Project Details

Educational

In addition to build plans, I will attempt to write basic outlines for in class exploration and guided content learning. The educational goal is to connect industrial arts, engineering and science. In this regard, guided explorations will encourage students to brainstorm and attempt to build various weather related devices while studying content material related to the parameter being explored. 

As an example, let's say we are studying wind speed. We might ask students to first brainstorm ways in which they might measure it. Many of the more clever students will immediately imagine something similar to an anemometer.

We next ask them to research different ways to measure wind, such as pressure and force. At this stage, we should brainstorm objects in every day life that reflect the effects of wind, and how we might indirectly measure it.
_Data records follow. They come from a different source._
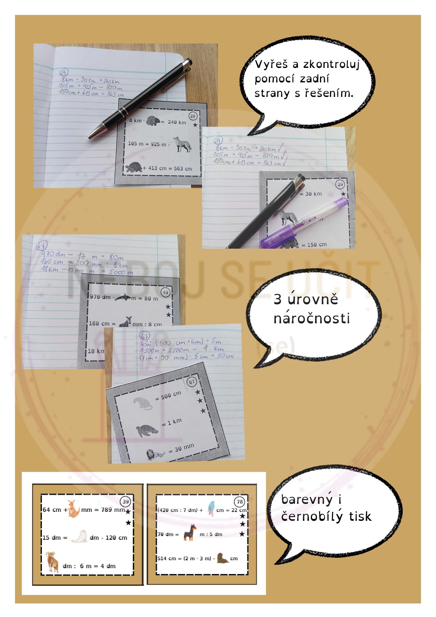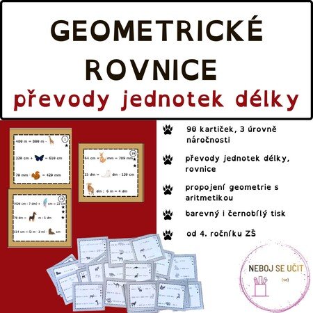 Materiál Geometrické rovnice se v tomto případě zaměřuje na převody jednotek délky. Kombinuje geometrii s aritmetikou, kdy žáci při řešení úloh využívají početní operace, pracují s čísly a navíc operují s jednotkami délky. V souboru naleznete 90 karet, na každé z nich jsou připraveny tři rovnice o jedné neznámé. Tato neznámá je označená obrázkem zvířete. Karty jsou zhotoveny ve třech úrovních náročnosti. Pro každou úroveň je zhotoveno 30 karet. Je tedy na vás a žácích, zda využijete ve výuce jednu vybranou úroveň nebo všechny. Úroveň náročnosti je na kartě označena hvězdičkami. Karty s jednou hvězdičkou představují nejjednodušší úroveň, ve které dominují početní operace a jednotky délky se zde nepřevádí. Střední úroveň je označena dvěma hvězdičkami. Oproti předchozí úrovni zde již dochází k převodům jednotek délky. Nejtěžší úroveň je označena třemi hvězdičkami. Na této úrovni se převádí jednotky a rovnice navíc zahrnují práci se závorkami. Každá z karet má na zadní straně uvedeno správné řešení, tedy jaká hodnota se skrývá pod obrázkovou neznámou. Karty je možné barevně i černobíle vytisknout, jsou využitelné v hodinách matematiky i geometrie. Vhodné jsou pro žáky od 4. ročníku.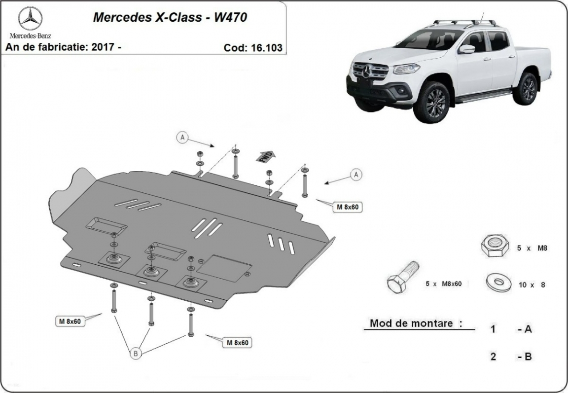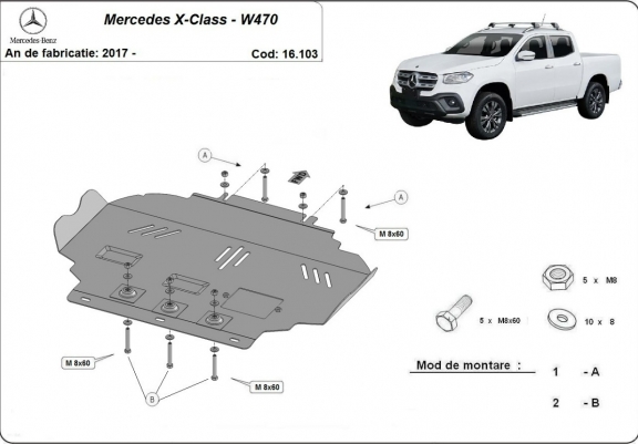 Unterfahrschutz für Motor der Marke Mercedes X-Class W470 (2017-2020)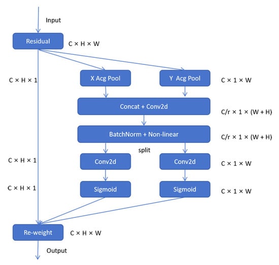 - Hou, Q.; Zhou, D.; Feng, J. Coordinate Attention for Efficient Mobile Network Design. In Proceedings of the IEEE/CVF Conference on Computer Vision and Pattern Recognition (CVPR), Nashville, TN, USA, 20–25 June 2021; pp. 13713–13722. [Google Scholar]

The first scientist to begin meaningful measurements of wind force was inspired by the hanging signboards outside of ins, bars and shops. By first weighing the signboard and then applying an angle gauge to it, he was able to determine the amount of force the wind exerts on the board when it swings to any angle on the gauge.

We next attempt to replicate such an experiment while applying micro-controllers (Arduino) to the task of measuring the angle. This could be with a potentiometer, encoder, or optical sensor.

Why PVC Piping?

• Metric PVC-U is available in every country (including the USA). I have yet to confirm this, but I suspect the dimensions are at least approximately accurate from various manufacturers. Thus all of my parts *SHOULD* work in your country... sanding may be required :<
• PVC-U is UV stabilized, and can be exposed to sunlight for decades without any painted overcoat before starting to break down. So, the body of the hardware at least should last for years.
• All other mechanical/metal parts are easily sourced, either from local suppliers, hobby shops, or ordered online. Parts are stainless, galvanized, aluminum, or painted (in the case of non UV stabilized plastic, such as cups of the anemometer). PCBs should be coated with conformal coating, and all areas with electronics will have desiccant silica packets.
• Acrylic laser cut parts are small enough / cheap enough to be sent in a mailing envelope as a kit. Once the concept is understood, parts could be made in other ways (my original attempts at making them by hand with wood was successful. I only opted for acrylic later due to expansion effects of wood in humid environments).
• As an educational device, sensors (especially those with mechanical aspects, such as the anemometer) have a lot of opportunities to work with math. Building the device with local, recycled, and off the shelf hardware store parts provides a lot of creative engineering experience. The 'total coverage' aspect, along with our own unique data set allows students at a school to get hands on with Earth science and climatology. 
• Large piping, easy to handle parts, and very little custom parts (other than PCBs, but those too can be built on perf board) means that the device is highly repairable, modular, mobile, and low cost.
• I don't advocate intentionally throwing plastics, electronics and other stuff out into the wild and walking away, but this project grew out of experimenting with 'survivable yet disposable' hardware. The concept is to build at such a low cost, with hardware store parts. The resultant sensor device could be thrown out of a helicopter door onto the rim of a volcano, or into a dense jungle. It could do the job, record and/or transmit the data, and then when the job is done, we decide if we should go retrieve it or not. The idea is that, on the cost level at least, it is not significant enough that we are going to be upset. Imagine a series of floating sensors thrown into a river upstream and caught down stream in a net. If one leaks and shorts out, or worse becomes unrecoverable, its not a loss to the experiment itself, and of no financial significance.
• As for the connectivity requirement, the sensor mast will communicate over a variety of optional wired and wireless physical layers. This data will be logged by an SBC and data presented by some form of web interface. As a mobile/experimental device, it could just as easily record to SD card directly, for later retrieval. 
• As a highly modular system, I see this construction method as a potentially new(?) method for all manner of wilderness / environmental data collection projects.
• As an example of the modularity, my mast will also integrate a home built helix antenna for reception of NOAA satellite weather images using software defined radio.